---------- Data for this exercise ----------

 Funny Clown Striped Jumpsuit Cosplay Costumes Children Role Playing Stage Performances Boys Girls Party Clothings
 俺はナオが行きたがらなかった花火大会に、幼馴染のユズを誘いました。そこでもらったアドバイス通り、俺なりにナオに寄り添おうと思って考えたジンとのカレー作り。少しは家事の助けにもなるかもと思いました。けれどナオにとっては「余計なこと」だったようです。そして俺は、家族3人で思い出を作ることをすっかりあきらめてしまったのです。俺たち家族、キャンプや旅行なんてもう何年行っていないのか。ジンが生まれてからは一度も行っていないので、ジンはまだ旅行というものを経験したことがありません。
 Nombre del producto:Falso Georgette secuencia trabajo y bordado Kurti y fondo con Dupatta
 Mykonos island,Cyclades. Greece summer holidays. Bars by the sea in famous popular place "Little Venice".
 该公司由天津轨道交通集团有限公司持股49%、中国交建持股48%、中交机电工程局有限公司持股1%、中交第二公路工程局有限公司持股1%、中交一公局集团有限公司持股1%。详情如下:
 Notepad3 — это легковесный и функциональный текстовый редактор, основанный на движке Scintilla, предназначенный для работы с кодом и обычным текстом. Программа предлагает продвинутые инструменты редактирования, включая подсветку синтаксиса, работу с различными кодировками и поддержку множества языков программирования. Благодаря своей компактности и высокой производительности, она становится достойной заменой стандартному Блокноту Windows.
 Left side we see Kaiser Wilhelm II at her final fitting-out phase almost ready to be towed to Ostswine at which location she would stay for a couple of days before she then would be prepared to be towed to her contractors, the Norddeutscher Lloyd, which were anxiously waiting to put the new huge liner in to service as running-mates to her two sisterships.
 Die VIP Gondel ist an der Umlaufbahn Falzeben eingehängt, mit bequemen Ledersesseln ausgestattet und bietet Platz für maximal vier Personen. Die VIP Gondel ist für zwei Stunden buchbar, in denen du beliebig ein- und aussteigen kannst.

----------
---------- Data for this exercise ----------

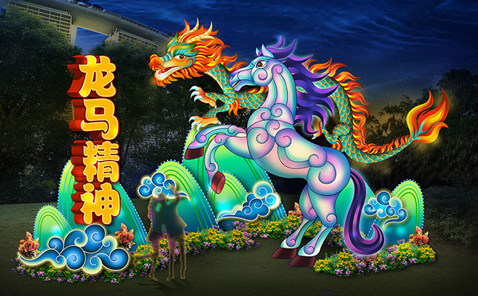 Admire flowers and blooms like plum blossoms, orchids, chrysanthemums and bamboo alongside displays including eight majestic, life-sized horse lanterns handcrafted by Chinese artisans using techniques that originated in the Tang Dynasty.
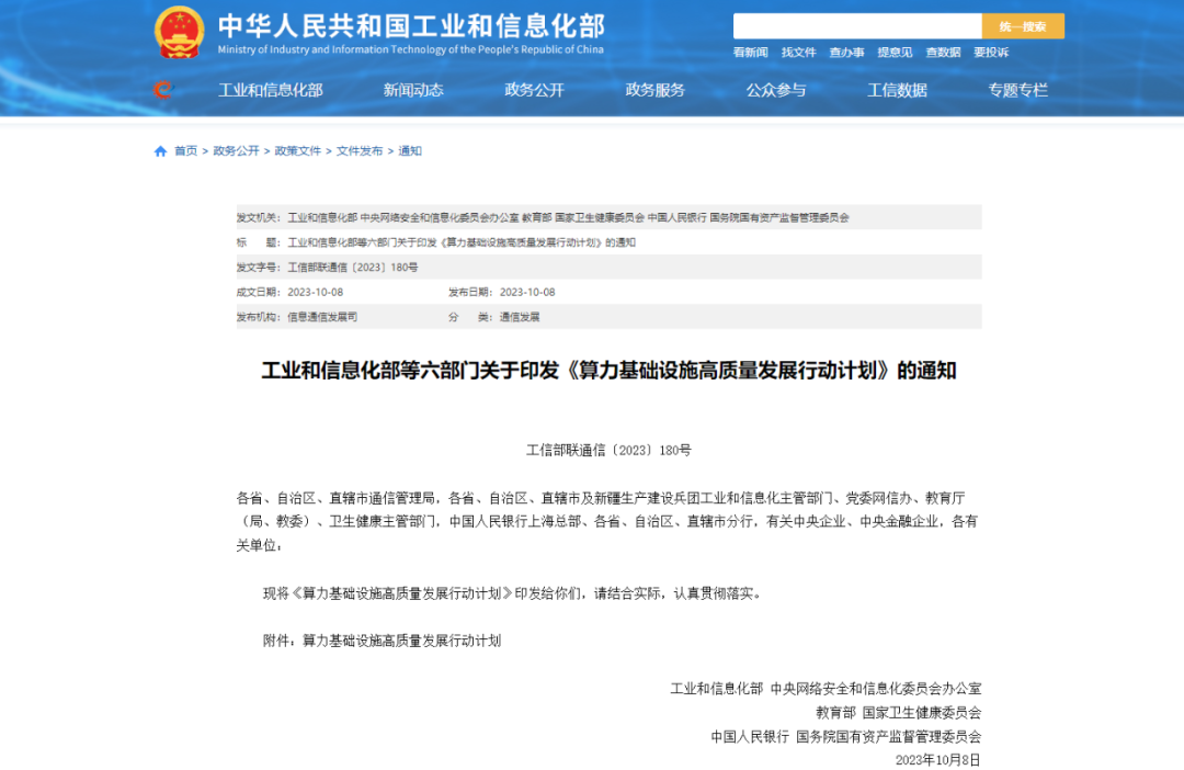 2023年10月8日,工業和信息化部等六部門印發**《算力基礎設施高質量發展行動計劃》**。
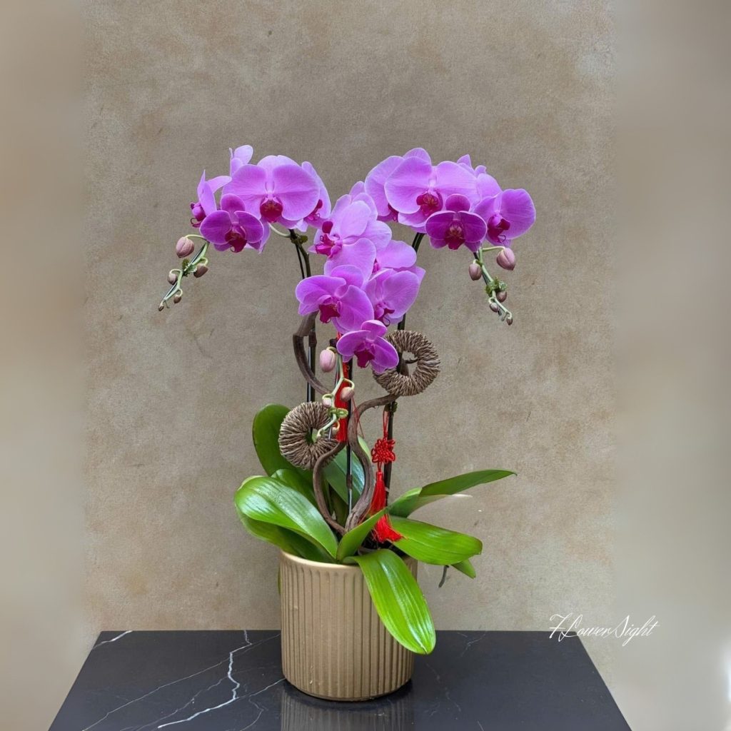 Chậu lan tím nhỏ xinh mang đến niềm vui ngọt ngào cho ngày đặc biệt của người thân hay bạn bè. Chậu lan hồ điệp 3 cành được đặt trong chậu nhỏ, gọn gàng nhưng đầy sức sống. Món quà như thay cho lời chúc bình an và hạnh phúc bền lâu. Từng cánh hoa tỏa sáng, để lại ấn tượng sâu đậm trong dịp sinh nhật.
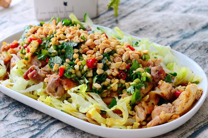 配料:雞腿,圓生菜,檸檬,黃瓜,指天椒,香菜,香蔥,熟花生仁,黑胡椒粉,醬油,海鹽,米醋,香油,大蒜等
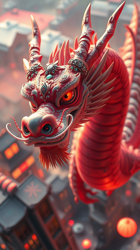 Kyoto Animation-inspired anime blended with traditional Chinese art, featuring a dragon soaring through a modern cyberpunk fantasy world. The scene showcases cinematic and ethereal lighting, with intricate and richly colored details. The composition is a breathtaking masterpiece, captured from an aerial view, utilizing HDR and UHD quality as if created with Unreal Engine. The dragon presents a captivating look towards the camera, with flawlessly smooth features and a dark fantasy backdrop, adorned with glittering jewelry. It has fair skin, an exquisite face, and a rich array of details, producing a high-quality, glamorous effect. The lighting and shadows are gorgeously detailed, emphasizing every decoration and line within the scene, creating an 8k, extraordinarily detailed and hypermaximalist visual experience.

----------

Try it:
Transcribe the records above from the line holding "Funny Clown Striped" down to the line holding "Die VIP Gondel ist an", inclusive, without adding anything.

Output for this task:
 Funny Clown Striped Jumpsuit Cosplay Costumes Children Role Playing Stage Performances Boys Girls Party Clothings
 俺はナオが行きたがらなかった花火大会に、幼馴染のユズを誘いました。そこでもらったアドバイス通り、俺なりにナオに寄り添おうと思って考えたジンとのカレー作り。少しは家事の助けにもなるかもと思いました。けれどナオにとっては「余計なこと」だったようです。そして俺は、家族3人で思い出を作ることをすっかりあきらめてしまったのです。俺たち家族、キャンプや旅行なんてもう何年行っていないのか。ジンが生まれてからは一度も行っていないので、ジンはまだ旅行というものを経験したことがありません。
 Nombre del producto:Falso Georgette secuencia trabajo y bordado Kurti y fondo con Dupatta
 Mykonos island,Cyclades. Greece summer holidays. Bars by the sea in famous popular place "Little Venice".
 该公司由天津轨道交通集团有限公司持股49%、中国交建持股48%、中交机电工程局有限公司持股1%、中交第二公路工程局有限公司持股1%、中交一公局集团有限公司持股1%。详情如下:
 Notepad3 — это легковесный и функциональный текстовый редактор, основанный на движке Scintilla, предназначенный для работы с кодом и обычным текстом. Программа предлагает продвинутые инструменты редактирования, включая подсветку синтаксиса, работу с различными кодировками и поддержку множества языков программирования. Благодаря своей компактности и высокой производительности, она становится достойной заменой стандартному Блокноту Windows.
 Left side we see Kaiser Wilhelm II at her final fitting-out phase almost ready to be towed to Ostswine at which location she would stay for a couple of days before she then would be prepared to be towed to her contractors, the Norddeutscher Lloyd, which were anxiously waiting to put the new huge liner in to service as running-mates to her two sisterships.
 Die VIP Gondel ist an der Umlaufbahn Falzeben eingehängt, mit bequemen Ledersesseln ausgestattet und bietet Platz für maximal vier Personen. Die VIP Gondel ist für zwei Stunden buchbar, in denen du beliebig ein- und aussteigen kannst.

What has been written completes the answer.